* Dataset entries
[Start of Attachment]

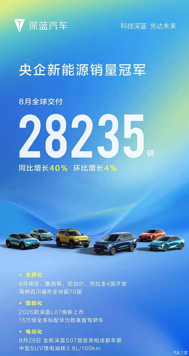 就在月初,深蓝品牌公布其8月全球交付28235辆,同比增长40%,环比增长4%。与此同时,深蓝L06将在9月8日完成亮相。其采用全新的设计风格,其车身尺寸方面,车辆长宽高分别为4830/1905/1480mm,轴距为2900mm。
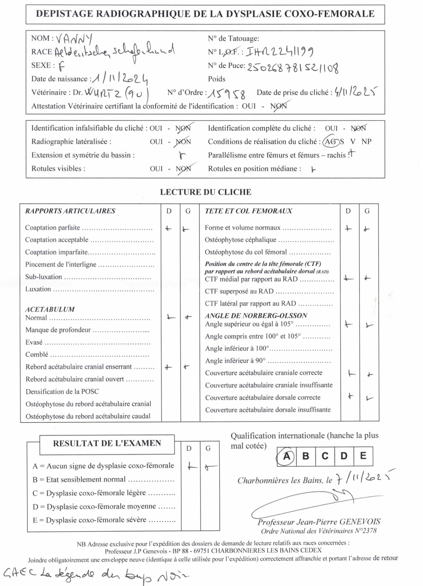 HD : A/A → résultat du dépistage de dysplasie des hanches de Vanny (PDF).
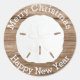 Selo de envelope de Natal em dólar. Lenha rustica marrom com texto branco e curvo para personalizar em dois lugares. Diga "Feliz Natal e Feliz ano novo", de um local tropical. Os autocolantes redondos vêm em dois tamanhos e podem ser usados para selar envelopes. Alterar a forma deste design pode perturbar o texto.
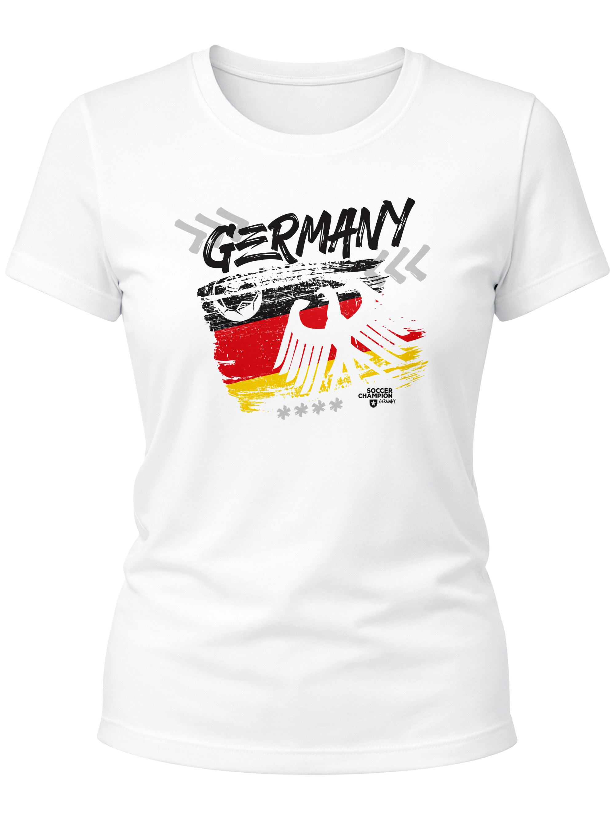 • ausgefallenes Motiv coolem Germany-Schirftzug und Deutschland-Flagge mit Adler und Fußball im markanten "Brush-Stil" - der perfekte Deutschland-Trikot für Frauen
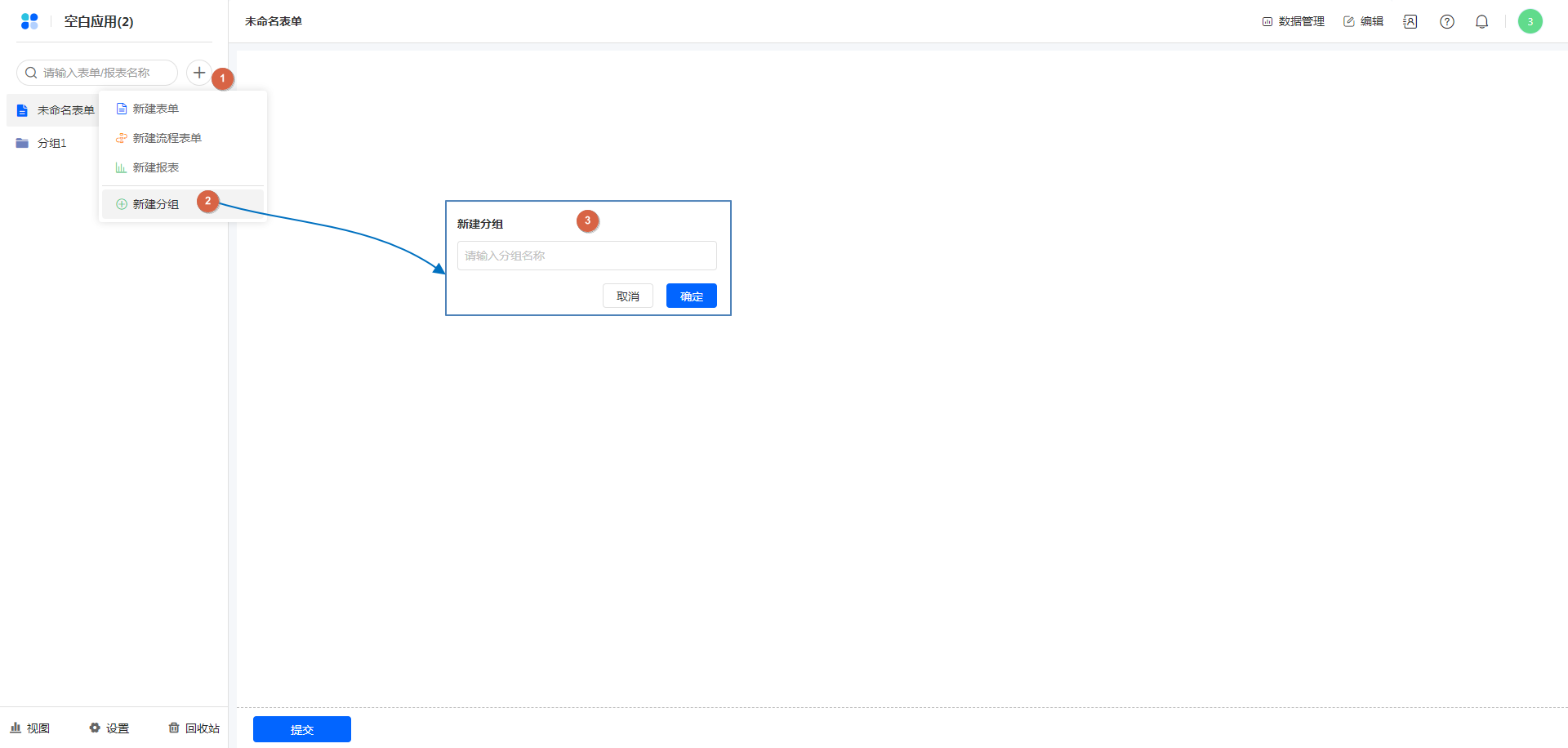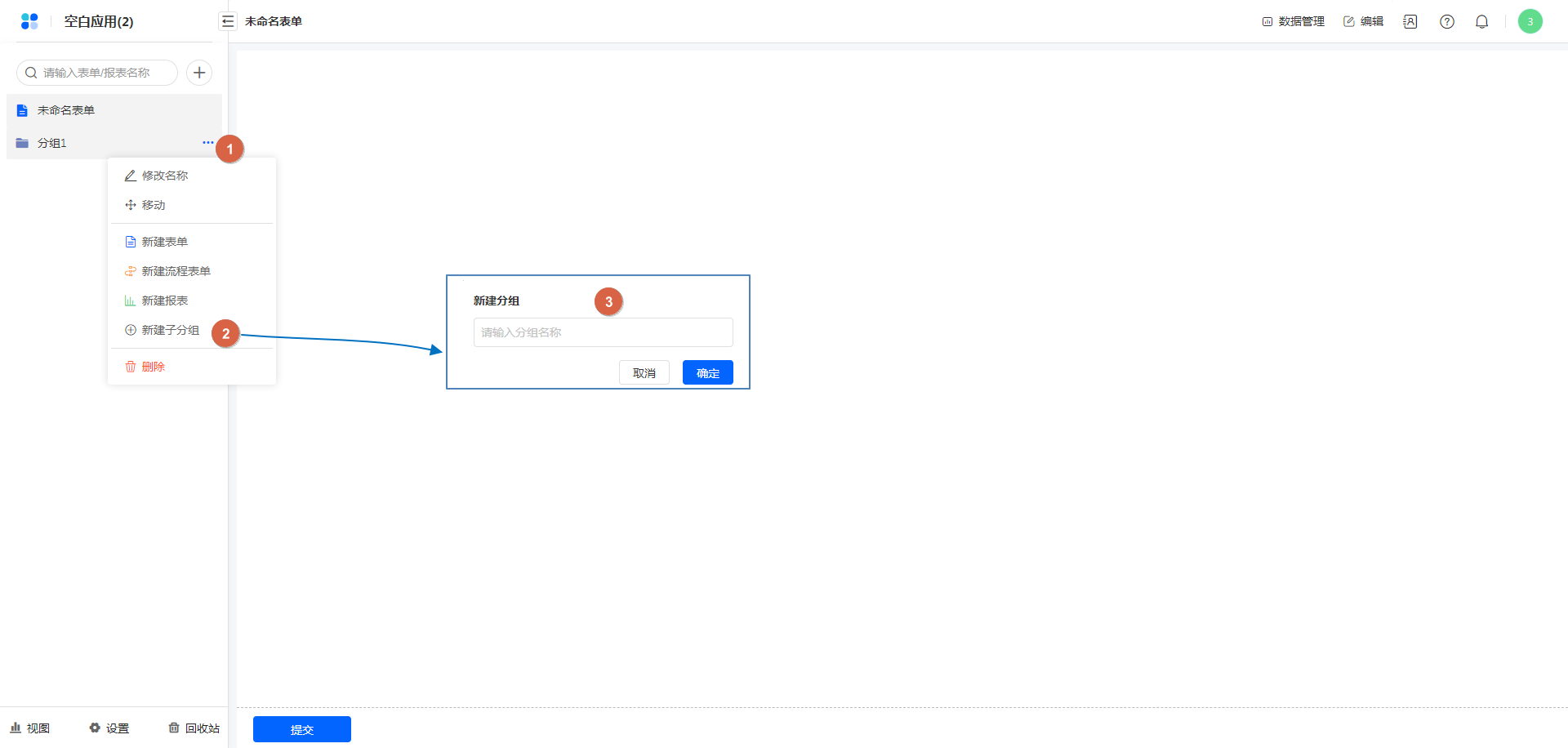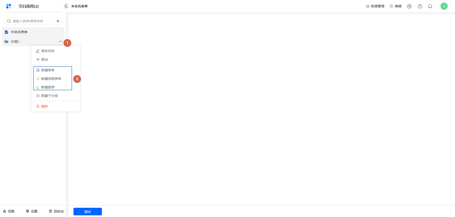 点击分组右侧的设置按钮,选择新建表单/报表,即可直接在分组下创建表单/报表。

[End of Attachment]

* Task directions
Exclude the images, then output the data above word for word.

* Solved exercise
 就在月初,深蓝品牌公布其8月全球交付28235辆,同比增长40%,环比增长4%。与此同时,深蓝L06将在9月8日完成亮相。其采用全新的设计风格,其车身尺寸方面,车辆长宽高分别为4830/1905/1480mm,轴距为2900mm。
 HD : A/A → résultat du dépistage de dysplasie des hanches de Vanny (PDF).
 Selo de envelope de Natal em dólar. Lenha rustica marrom com texto branco e curvo para personalizar em dois lugares. Diga "Feliz Natal e Feliz ano novo", de um local tropical. Os autocolantes redondos vêm em dois tamanhos e podem ser usados para selar envelopes. Alterar a forma deste design pode perturbar o texto.
 • ausgefallenes Motiv coolem Germany-Schirftzug und Deutschland-Flagge mit Adler und Fußball im markanten "Brush-Stil" - der perfekte Deutschland-Trikot für Frauen
 点击分组右侧的设置按钮,选择新建表单/报表,即可直接在分组下创建表单/报表。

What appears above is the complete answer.